A total of 25 participants were included in this study. Eight of these participants were willing to participate in a second assessment to either perform other activities (basic and daily-life activities) or to perform activities at a different location (laboratory/home). Table 1 presents the number of unique participants included per activity in each of the locations (numbers between brackets). The large differences in the number of participants per activity are due to the ability of the participants; the availability of a bed, staircase, bike, and so forth; and/or due to limited time.

3.1. “Upright Position”

The main results are presented in Table 2. Overall, the Activ8 underestimated the class “upright position” (difference Activ8 versus video −3.8%), ranging from −0.5 to −7.0% for the different activity protocols at the different locations. Figure 2 shows that the total difference between the Activ8 and the video recording was due to differences in about half of the participants of which in most of them “upright position” was underestimated. The agreement between the Activ8 and the video recording ranged from 82.2 to 97.6%.

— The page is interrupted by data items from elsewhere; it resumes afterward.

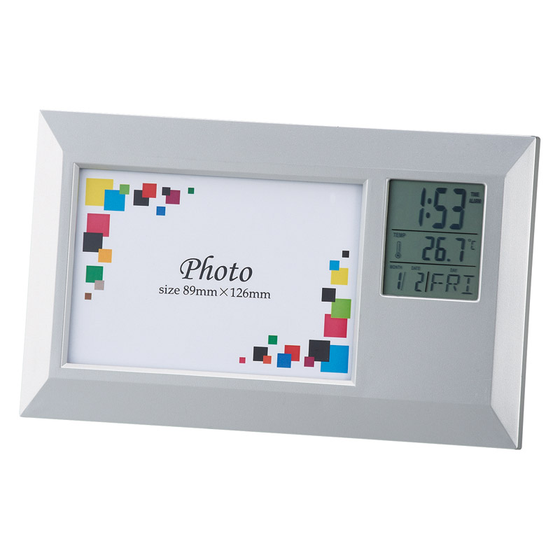 | コピー | デジタル多機能時計とフォトフレームが合体したデスクアクセサリーです。時計、アラーム、スヌーズ、温度計、カレンダー、カウントダウンタイマー、フォトフレーム。 |
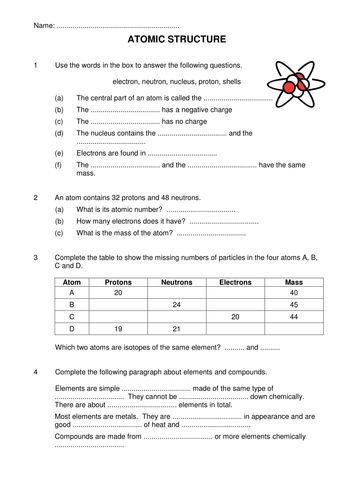 Chapter 4 atomic structure worksheet answers core teaching. An awesome collection of free atomic structure worksheets for teachers. Atomic structure ions isotopes worksheets teaching resources tpt. The number of protons in. Basic atomic structure worksheet answers 1 a protons b neutrons c electrons a positive b neutral c negative 2 atomic number or identity.
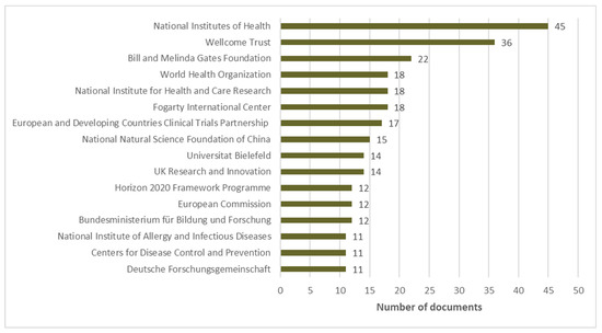 The top 16 sponsors of COVID-19/SARS-Cov-2 research in Ghana together funded 274 publications, representing 24.6% of the total research productivity and an average of 18 publications per sponsor. Three of the sponsors funded a higher number of research than the group average. These sponsors include the National Institutes of Health, Wellcome Trust, and the Bill and Melinda Gates Foundation which funded 45, 36, and 22 publications, respectively. Other sponsors include Fogarty International Center, the National Institute for Health and Care Research, and The World Health Organization, with each funding 18 publications. The European and Developing Countries Clinical Trials Partnership funded 17 publications, while the National Natural Science Foundation of China also sponsored 15 COVID-19 research in Ghana. The rest of the sponsors had fewer than 15 publications, with the last three sponsors providing funding for 11 publications each.
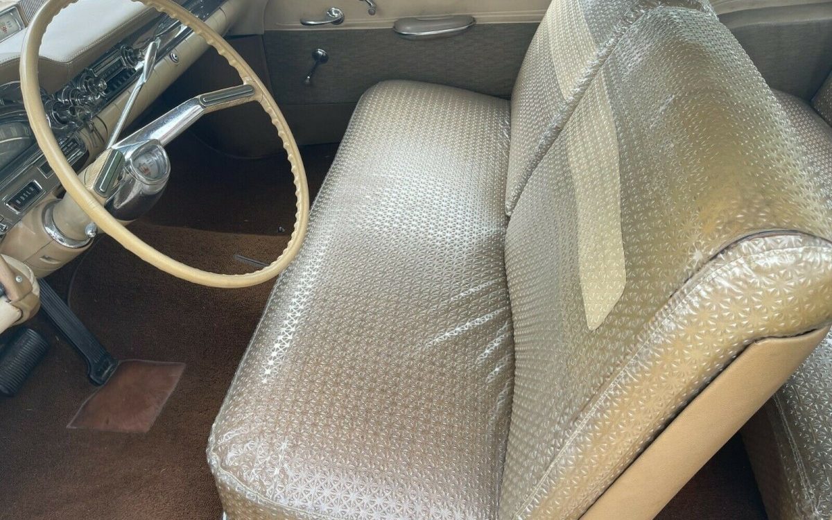 Inside is a bit confusing as the seller states, “carpets and headliner wrapped in the original bubble wrap“. I’m not seeing that but the plastic seat covers are hard to miss – and they’re not bubble wrap. Those were a very common ’60s accessory, our family BelAir had one covering the front seat to protect it from a younger sibling who had a tendency to ralph all over the place on long car rides. Talk about uncomfortable…especially in a non-air-conditioned car, you’ll stick right to them. The carpet does look like new, almost too new on this undisclosed mileage, 63-year-old coupe. The dash and instrument panel have that typical chrome-adorned, futuristic look that was so prevalent on upscale cars of this era. It’s in very nice shape!
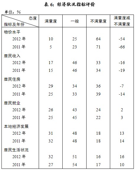 经济状况方面,半数指标评价不满者多于满意者。与上年相比,对“物价水平”、“居民住房”的不满有所下降,持不满评价者分别减少7个、3个百分点,反映近年政府宏观调控的效果。但需指出的是,两项的不满者比例依旧突出,“物价水平”仍达64%的甚高水平(见表6)。
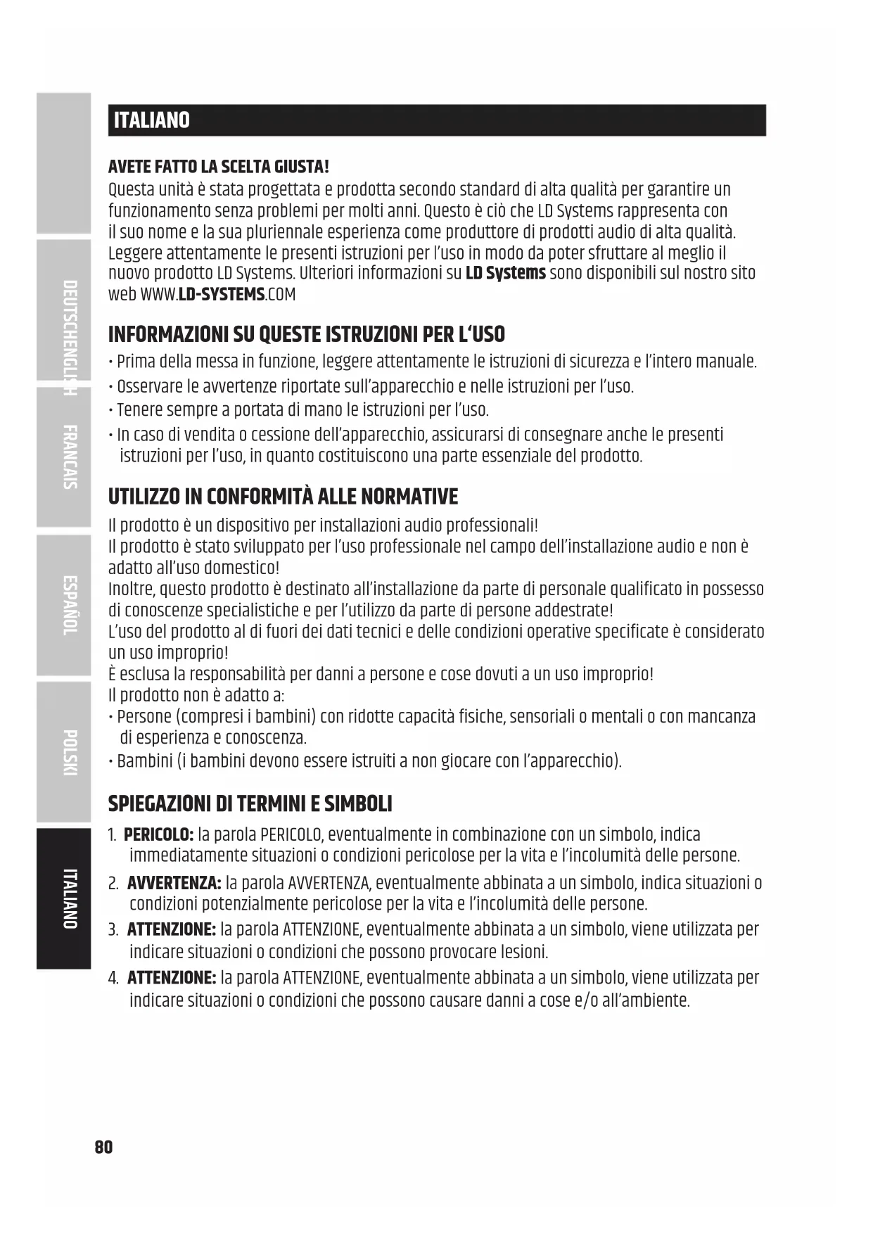 Deklaracje zgodności dla produktów objętych dyrektywami LVD, EMC i RoHS można zamówić na stronie info@adamhall.com. Deklaracje zgodności dla produktów podlegających dyrektywie RED, można uzyskać na stronie www.adamhall.com/compliance/. Pomyłki i błędy, jak również zmiany techniczne lub inne są zastrzeżone! DEUTSCHFRANCAIS ESPAÑOL ENGLISH ITALIANO POLSKI80 ITALIANO AVETE FATTO LA SCELTA GIUSTA! Questa unità è stata progettata e prodotta secondo standard di alta qualità per garantire un funzionamento senza problemi per molti anni. Questo è ciò che LD Systems rappresenta con il suo nome e la sua pluriennale esperienza come produttore di prodotti audio di alta qualità. Leggere attentamente le presenti istruzioni per l’uso in modo da poter sfruttare al meglio il nuovo prodotto LD Systems. Ulteriori informazioni su LD Systems sono disponibili sul nostro sito web WWW.LD-SYSTEMS.COM INFORMAZIONI SU QUESTE ISTRUZIONI PER L‘USO
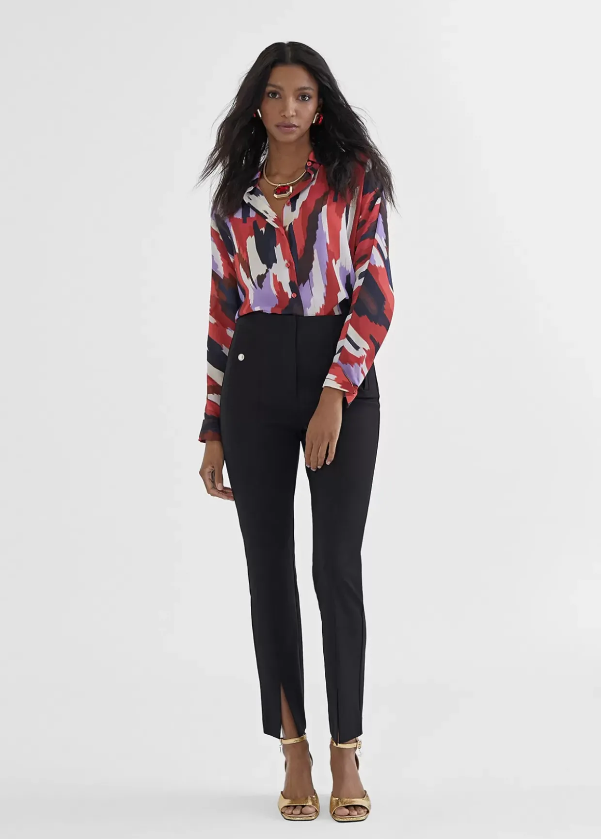 Pantalón pitillo de punto. De largo tobillero. Cierre con cremallera. Falsos bolsillos laterales con botón dorado. Aberturas frontales en bajo.
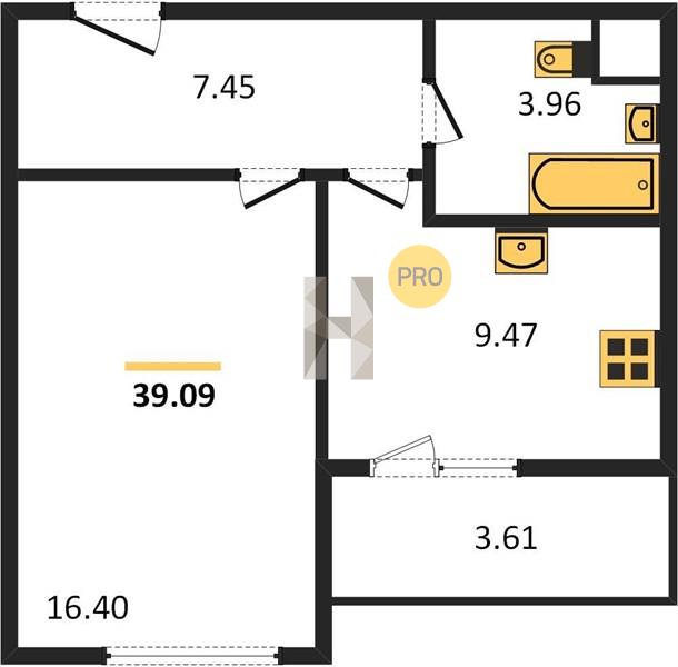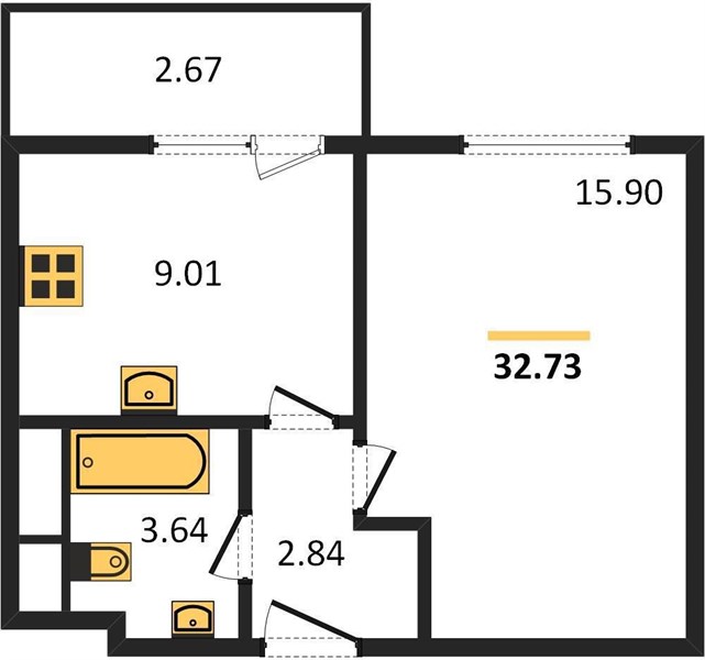 | 1-комнатная от 31.2 м2 | 14 628 677 руб. |
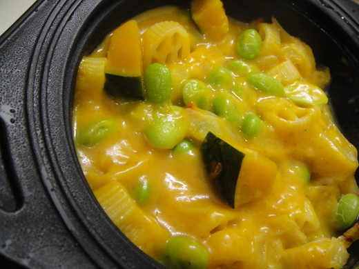 『博士鷹車輪麵南瓜奶油』,南瓜奶油醬汁的色澤鮮美,加了鮮奶、毛豆仁、洋蔥、蟹絲和南瓜等食材,乳香中帶有南瓜淺淺的清甜味,滿不錯吃的。
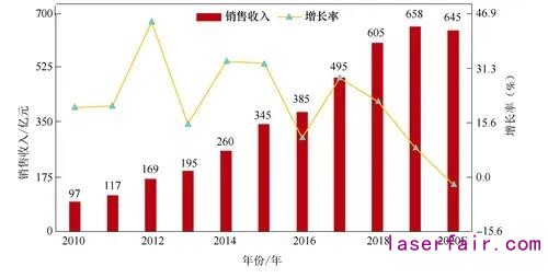 激光是20世紀的一項重大科學技術發明,與(yu) 原子能、半導體(ti) 和計算機一樣著名。具有亮度高、方向性強、單色性好、相幹性好的特點,被稱為(wei) “最快的刀”“最準的尺”“最亮的光”。在過去的60年中,與(yu) 激光有關(guan) 的研究獲得了許多諾貝爾獎,充分證明了激光技術在促進尖端科學研究和促進科學技術進步方麵的顯著作用。激光與(yu) 相關(guan) 技術的融合形成了激光製造,為(wei) 人類改變世界提供了嶄新的工具[1,2]。激光製造技術具有易操作、非接觸、高柔性、高效率、高質量和節能環保等突出優(you) 勢,是切割、焊接、表麵處理、高性能複雜構件製造和精密製造的主流手段,被譽為(wei) “萬(wan) 能加工工具”和“未來製造係統通用的加工手段”,帶動了先進製造業(ye) 的發展,對工業(ye) 智能化進程產(chan) 生了深遠影響[1]。激光技術是一種具有極強的滲透性和加工性的使能技術。激光技術支持的經濟規模遠大於(yu) 其自身的經濟規模。2010年美國研究報告指出[3],2009—2010年,美國電信、電子商務和信息技術的總價(jia) 值為(wei) 4萬(wan) 億(yi) 美元,其中激光器本身的價(jia) 值僅(jin) 為(wei) 32億(yi) 美元。因此,激光技術產(chan) 品在經濟體(ti) 係中的重要性遠超過了產(chan) 品本身的價(jia) 值規模。近年來,中國的激光加工產(chan) 業(ye) 發展迅速,國際競爭(zheng) 力迅速提高。眾(zhong) 多激光企業(ye) 已遍布華東(dong) 、華南、華北、東(dong) 北、華中及西部地區。據《2019fun88官网平台產(chan) 業(ye) 發展報告》統計,我國在26個(ge) 城市已有激光產(chan) 業(ye) 基地(園區)37個(ge) ,2011—2018年,激光設備的銷售收入提高了5倍多,湧現了一批有世界競爭(zheng) 力的激光企業(ye) [4]。經過多年的努力,中國的激光公司已經在低端激光行業(ye) 樹立了堅實的立足點,但離高端技術行業(ye) 和高端核心組件的世界先進水平仍有較大差距。在產(chan) 品方麵,跟隨型產(chan) 品居多,原創或首創性的高端產(chan) 品相對較少。我國激光技術科研主要力量集中在科研院所和高等學校,而企業(ye) 相對薄弱。目前,在我國與(yu) 激光相關(guan) 的30個(ge) 國家級研究平台中,僅(jin) 存精密超精密加工國家工程研究中心和國家半導體(ti) 泵浦激光工程技術研究中心,其他28個(ge) 均依托科研院所和高校建設。高校和科研院所承擔了大部分國家計劃的激光科研項目,而企業(ye) 承擔的隻占很小的比例。在過去的10年中,我國的激光製造已成為(wei) 先進製造業(ye) 中增長最快的領域之一,形成了一定特色,某些技術已達到國際領先水平。激光加工設備在促進傳(chuan) 統產(chan) 業(ye) 升級改造中發揮了關(guan) 鍵作用。一群激光加工設備企業(ye) 依靠創新的加工技術和卓越的設備質量在新舊動能轉換市場中找到足夠的訂單來快速增長。此外,一些製造公司已經嚐到了升級和發展的甜頭,已不滿足於(yu) 國內(nei) 垂直整合,而在積極探索跨國並購國外優(you) 質激光企業(ye) 資源,並計劃進入精密加工領域。在過去的10年中,激光加工站一直是設備企業(ye) 提供外延服務的重要觸角,通過開展陣地服務,及時滿足各類加工需求,增強客戶黏度。如今,越來越多集多功能於(yu) 一體(ti) 的大型設備已被開發並應用於(yu) 軌道交通、航空航天、船舶製造等行業(ye) 。預計到2020年,基於(yu) 工業(ye) 互聯網的各類雲(yun) 製造平台將逐漸釋放價(jia) 值,激光加工站將在雲(yun) 製造平台的支持下發揮出更大的功用,並沿著“一帶一路”走進東(dong) 南亞(ya) 、中東(dong) 、南美等多個(ge) 地區。在經曆了2017—2018年的快速增長之後,中國的激光市場在2019年進入了一個(ge) 相對穩定的時期。2019年中國工業(ye) 激光市場的發展開始影響全球工業(ye) 激光經營收入。一方麵,日益激烈的價(jia) 格競爭(zheng) 導致光纖激光器和超快激光器的價(jia) 格急劇下降,但國產(chan) 設備的質量、技術和服務在競爭(zheng) 中逐步得到改善,國產(chan) 激光產(chan) 品的興(xing) 起正在逐步取代進口激光產(chan) 品;另一方麵,激光技術的應用比許多傳(chuan) 統製造技術更具成本效益,從(cong) 而使激光應用迅速普及。2019年激光設備(含進口)市場銷售總收入為(wei) 658億(yi) 元,比2018年增長8.8%。受全球經濟走勢不確定的影響,預計2020年fun88官网平台設備市場整體(ti) 銷售收入將受到很大影響(見圖1)。2019年,國內(nei) 共有規模以上激光企業(ye) 超過150家,其中半數以上的企業(ye) 集中在激光加工和激光器相關(guan) 領域[4]。

3.2. Components of “Upright Position”

In the basic activities, analysis of the components of “upright position” shows that the Activ8 overestimated the class “standing” (difference Activ8 versus video: laboratory 14.3%; home 1.3%) and underestimated the class “walking/running” (difference Activ8 versus video: laboratory −7.5%; home −6.1%) (Table 2). The variability in the individual differences between the Activ8 and the video recording for “standing” was due to differences in about half of the participants, although dominated by four participants. For “walking/running”, more participants had a difference between the Activ8 and the video recording, but it was here dominated by four participants as well, of which three were the same as those for “standing”. Table 3 (part A) shows the classification of the Activ8 and of the video recording for a part of the daily-life activities in the laboratory. The video class “standing with leg movements” was more or less equal to the difference between the Activ8 classification and the video classification of the class “walking”.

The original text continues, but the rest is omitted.